Power: I can't think of another way to reduce power consumption except to shorten the processing time as much as possible- which takes more power,... I'm not sure of the nature of the parallelization of the cluster is better when more or less identical, but for the lead system, consider adding a Tesla C2075 6GB GPU coprocessor. which will add 448CUDA cores processing power And 515 Gflops double precision to the effort. the C2075 also has a single DVI monitor output, the only Tesla with that feature, so it can run the monitor without another GPU. The last time I was at my local particle accelerator I saw a C2075 on the beach in the server room. Unfortunately 225W so more heat and power, but might advance the processing of the initial data stream in a way that will will multiplied by the parallelization, increasing performance. If the processing time is shortened that might also to a degree reduce the power consumption and heat.

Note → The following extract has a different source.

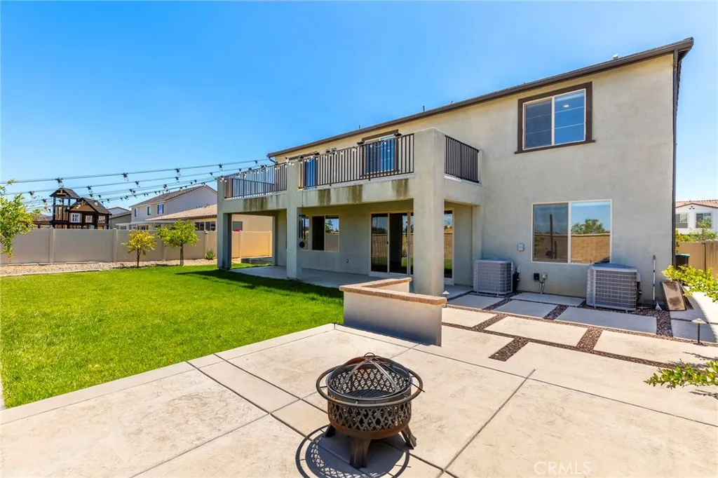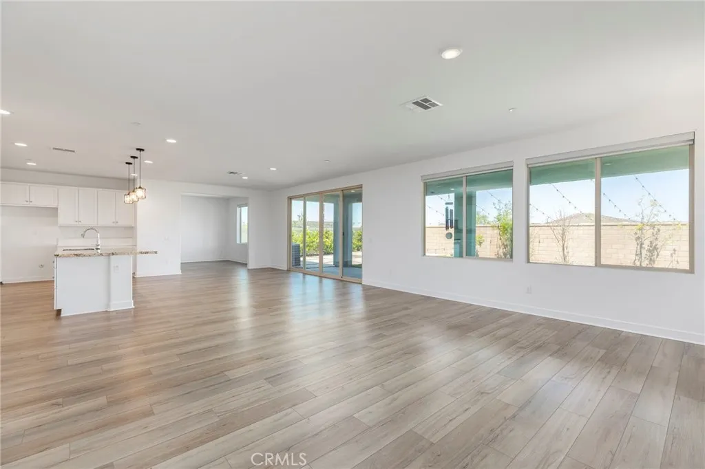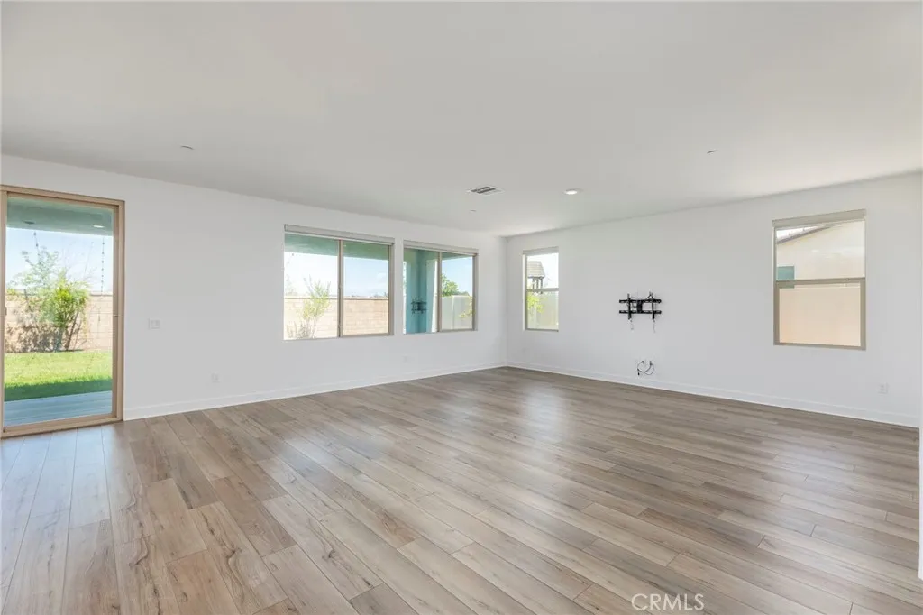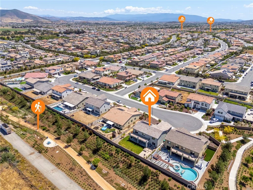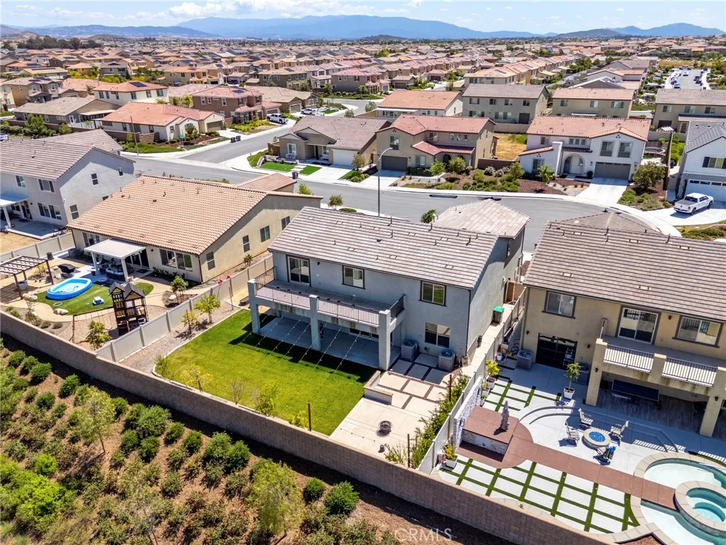 Built in 2021, this stunning Tri Pointe Home sits on a spacious 8,712 square foot cul-de-sac lot with no rear neighbors and beautiful views! The popular Magnolia floor plan features five bedrooms, including a convenient guest suite on the main level, three bathrooms PLUS a flex room adjacent to the kitchen PLUS an upstairs loft. Upon entering through the charming covered porch, you are greeted by a grand two-story entryway with an open rail staircase. The main level continues into an expansive great room with Luxury Vinyl Plank flooring and a 12-foot center-open sliding glass door that seamlessly blends indoor and outdoor living. The gourmet kitchen is a chef's dream, boasting white shaker-style cabinetry, gorgeous custom granite and quartz countertops, and a large island with seating for three. Stainless steel appliances, an undermount single-basin sink, and elegant pendant lighting complete the space. Tucked just off the kitchen is a versatile flex room perfect for a home office or playroom. The second level offers a spacious loft situated near the primary bedroom suite, which overlooks breathtaking mountain views. The primary en suite bathroom provides a spa-like experience with two separate vanities, custom tile flooring, a walk-in shower with a seat, and a generous walk-in closet. Three additional bedrooms, a third full bathroom, and a dedicated laundry room with a sink and storage shelves are located down the hall. High-tech upgrades are found throughout the home including motorized smart blinds, a tankless hot water heater, LED lighting, Whole House Fan and fully OWNED SOLAR panels. Outdoor living is elevated by a double-length balcony that provides significant shade for the backyard patio below. The yard offers multiple areas for seating or lawn games, along with ample room to build a custom pool. Living in Spencer’s Crossing grants access to world-class amenities including three resort-style pools, a spa, sports parks, scenic walking trails, and a clubhouse. This home is located near top-rated schools, premier shopping including the new Costco, upscale dining, and the 215 freeway. Come see this exceptional property today!

At the accelerator facility, they were playing with a Raspberry PI cluster- 10 of them running an MIT program which with a display that converted various physical parameters into colored shapes. I have photos of it and I wish I'd asked more questions. It was not a practical application, but demonstrated a considerable computational density. For the experimental simulations, they use eleven parallel dual 14-core Xeon systems each having 4X Tesla K20X and I think that may be tied to Oak Ridge as well, so if, they're impressed with a Pi cluster,... A friend is running a quite complex aerospace control system off a pair of them.

Well done!

Cheers,

BambiBoom


P.S.>

Current Project:

HP z620 (Original) Xeon E5-1620 4-core @ 3.6 /3.8GHz) / 8GB (1X 8GB DDR3-1333) / AMD Firepro V5900 (2GB) / Seagate Barracuda 750GB + Samsung 500GB + WD 500GB
[ Passmark System Rating= 2408 / CPU= 8361 / 2D= 846 / 3D = 1613 / Mem =1584 / Disk = 574 ] 7.13.16

Now:

HP z620 (Rev 2) 2X Xeon E5-2690 (8-core @ 2.9 /3.8GHz) / 40GB (4X 8GB +4X 2GB DDR3-1600) / Quadro K2200 (4GB) / Seagate Barracuda 750GB + Samsung 500GB + WD 500GB / 800W > Windows 7 Professional 64-bit >
[ Passmark System Rating= 2589 / CPU= 20703 / 2D= 728 / 3D = 3542 / Mem =2397 / Disk = 587 ] 8.2.16

System: $270
CPUs: $320 ($160 each)
CPU Riser: $150
RAM: $165 (32GB DDR3-1600 ECC)
GPU: From Precision T5500
Disk: HP Z Turbo Drive M.2 256GB: $150 Not yet installed. The Passmark score for this drive is 12602 so that should improve the 587 score of the 2010 Seagate 750GB!